Updated several things:

bmielnicki commented 4 years ago

@nathan-miller23 Can I click the "Merge pull request" button or do you want to look at the code before?

micahcarroll commented 4 years ago

@mesutyang97 if possible maybe you could give a look at this PR too before we merge it?

micahcarroll commented 4 years ago

Also Bartek, do you have an intuition why the code coverage is reduced by this PR (I'm still getting used to how those numbers are calculated)?

bmielnicki commented 4 years ago

Also Bartek, do you have an intuition why the code coverage is reduced by this PR (I'm still getting used to how those numbers are calculated)?
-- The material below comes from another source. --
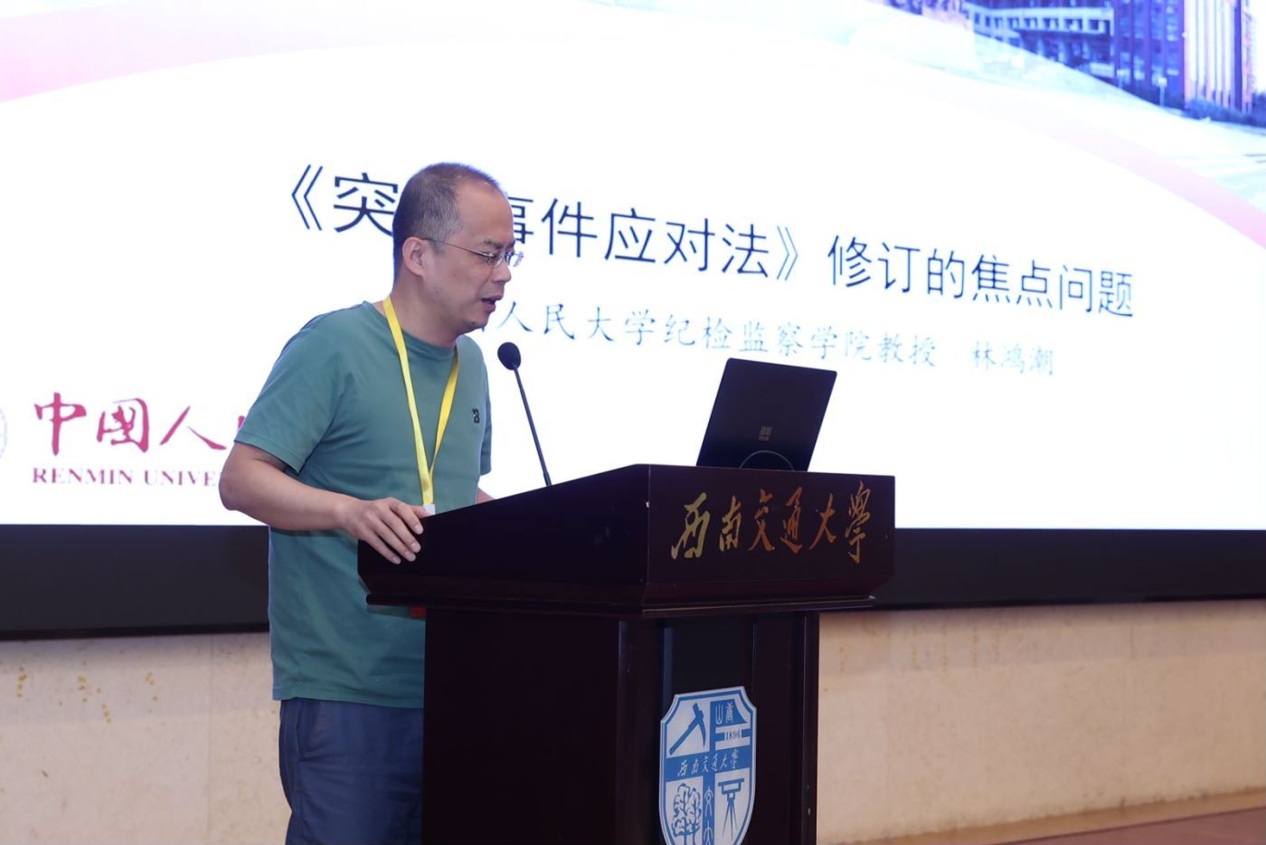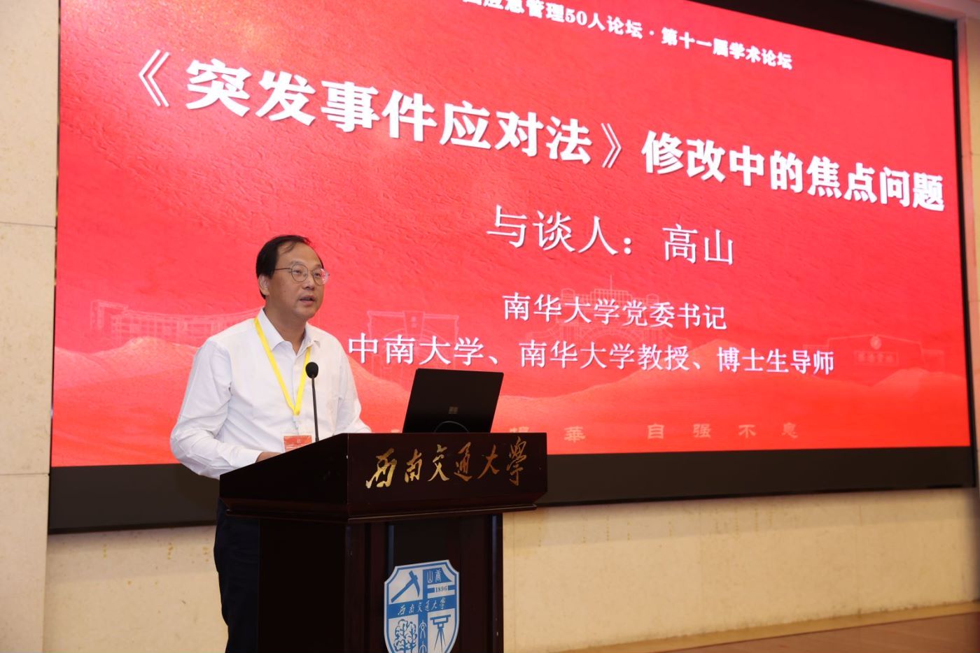 林鸿潮教授对《突发事件应对法》修订中的焦点问题进行了讲解。北京市科学技术研究院科研处处长、城市系统工程研究所所长朱伟研究员,兰州大学副校长沙勇忠教授,南华大学党委书记、中南大学、南华大学教授高山分别围绕主旨发言做了与谈交流。
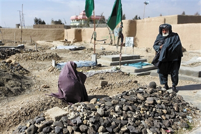 罗希拉因为读诗被发现而自焚。图为父母在罗希拉的坟墓旁。

I have no idea. Most of the lowered coverage comes from planners file that this PR is not changing at all. For more info see this

bmielnicki commented 4 years ago

Added visualization of trajectory https://github.com/HumanCompatibleAI/overcooked_ai/issues/63 and static methods for default creation of hud data. There are also other minor improvements to existing code. trajectory_visualization

mesutyang97 commented 4 years ago

Hey @bmielnicki , thanks again for the hard work! I was testing visualization code you have on randomly generated layouts, and noticed the problem of agents's location being out of sync with where they actually are in the game. I am attaching two subsequent frames from what I ran in the visualization:

Screen Shot 2020-09-28 at 4 58 45 PM Screen Shot 2020-09-28 at 4 58 52 PM

It looks like a rendering issue, because the agent was able to pick up the plate facing the bottom dish dispensor, so we know agent isn't supposed to be where it is rendered.

Here is the code I ran for you to reproduce the issues:

from overcooked_ai_py.mdp.layout_generator import LayoutGenerator
# testing some states hoping it can find unexpected bugs
various_tests = []
various_results = []

config = copy.deepcopy(DEFAULT_VALUES)
config["tile_size"] = 45
config["cooking_timer_font_size"] = 15

DEFAULT_MDP_GEN_PARAMS = {
    "inner_shape": (7, 5),
    "prop_empty": 0.7,
    "prop_feats": 0.4,
    "start_all_orders" : [
        { "ingredients" : ["onion", "onion", "onion"]}
    ],
    "recipe_values" : [20],
    "recipe_times" : [20],
    "display": False
}

mdp_fn = LayoutGenerator.mdp_gen_fn_from_dict(DEFAULT_MDP_GEN_PARAMS, outer_shape=(7, 5))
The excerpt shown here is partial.